I tried it on, I loved it, and it only needs a slight alteration! They had me try on another dress just for fun but there was no way I was changing my mind about which dress I wanted.
I've been in a funk lately but I did enjoy myself last night. Except for the part where the employee insisted on dressing me. Like she was literally in the dressing room with me the entire time and would not even let me put on the bra by myself. I am a very private person with my body and I don't even like people I know touching me. So that really really bothered me.
Anyway, here are some pics! I'm not including pics of the other dress I tried on or the bridesmaid dresses. If anyone wants to see them let me know and I will post them!



















Me and my mom








































































I'm wearing cowgirl boots at my wedding lol




































First look at myself in the dress


----------



## nchen7 (Feb 25, 2013)

looking radiant Jen!!! absolutely beautiful!!!


----------



## NigerianGirl (Jan 30, 2011)

I love that dress! Congratulations


----------



## Scottyhorse (Feb 11, 2013)

Love the dress! You look amazing!


----------



## Trickyroo (Sep 26, 2012)

Gorgeous Jen ! Absolutely gorgeous  
i hope your fiancé doesn't look through the forum , I wouldn't want him to see you in your dress :shocked:


----------



## happybleats (Sep 12, 2010)

Beautiful!!!


----------



## Emzi00 (May 3, 2013)

Gorgeous!!


----------



## NubianFan (Jun 3, 2013)

Beautiful dress and you look so happy in the pics. I think the boots are cute too. Oh and in my experience that is just how bridal shop workers are, they always want to be right up on you, they were at my fitting and at every fitting I have ever went to with friends.

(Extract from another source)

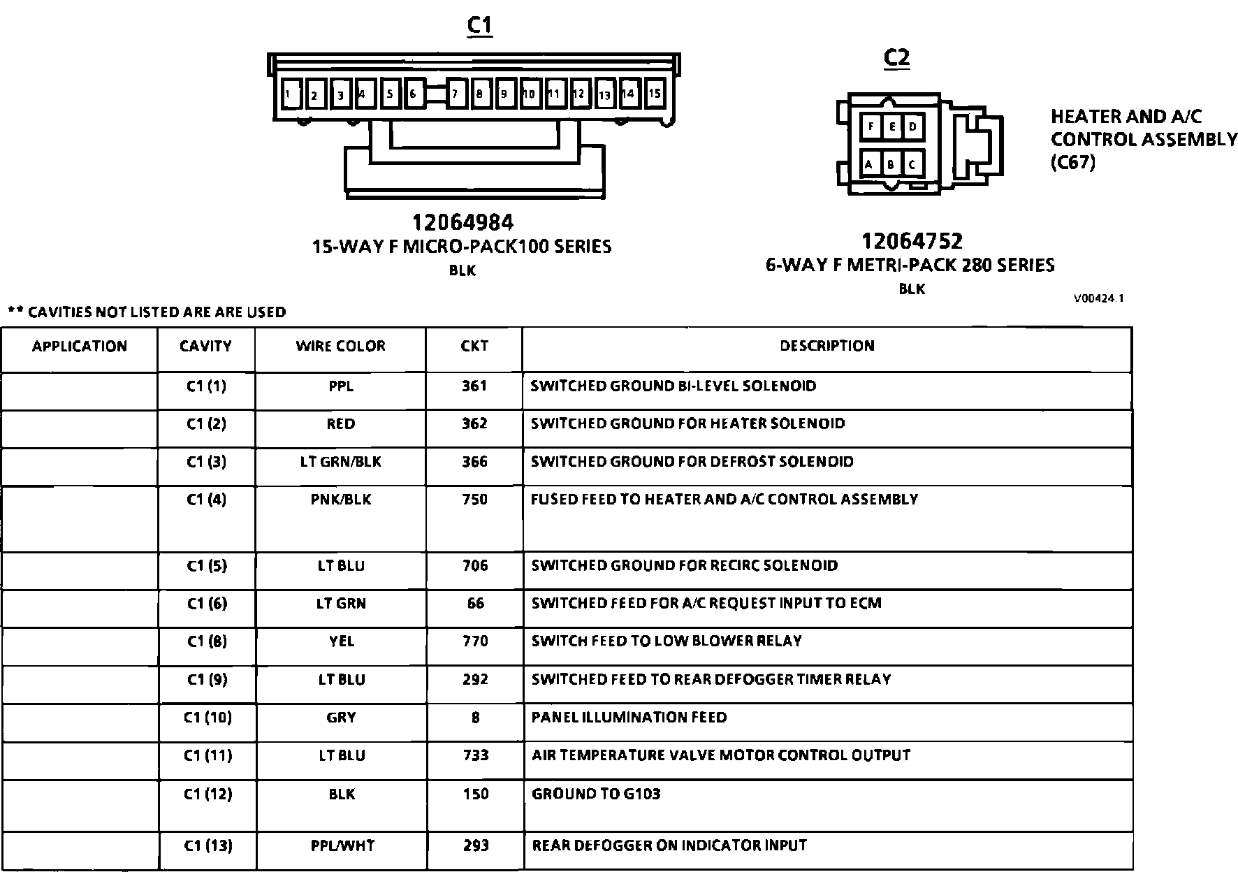 Heater And A/C Control Assembly Connector Face:

I think it is because they are afraid you won't know how to put something on, and because they don't want the dresses accidentally damaged in anyway. It is super annoying though, I agree.


----------



## J.O.Y. Farm (Jan 10, 2012)

Stunning dress! You look lovely in it! and the boots add a lovely touch


----------



## HoukFarms (Apr 14, 2013)

Amazing! You look gorgeous too!! I love your boots with the dress


----------



## goat luver 101 (Jul 19, 2011)

Love it, the boots are an awesome touch! Congratulations!!


----------



## COgoatLover25 (Dec 23, 2013)

You look gorgeous !! Congrats on your special day


----------



## toth boer goats (Jul 20, 2008)

So beautiful, congrats


----------



## TGSAdmin (Sep 6, 2012)

Dude here. 

Your future husband is a lucky man!


----------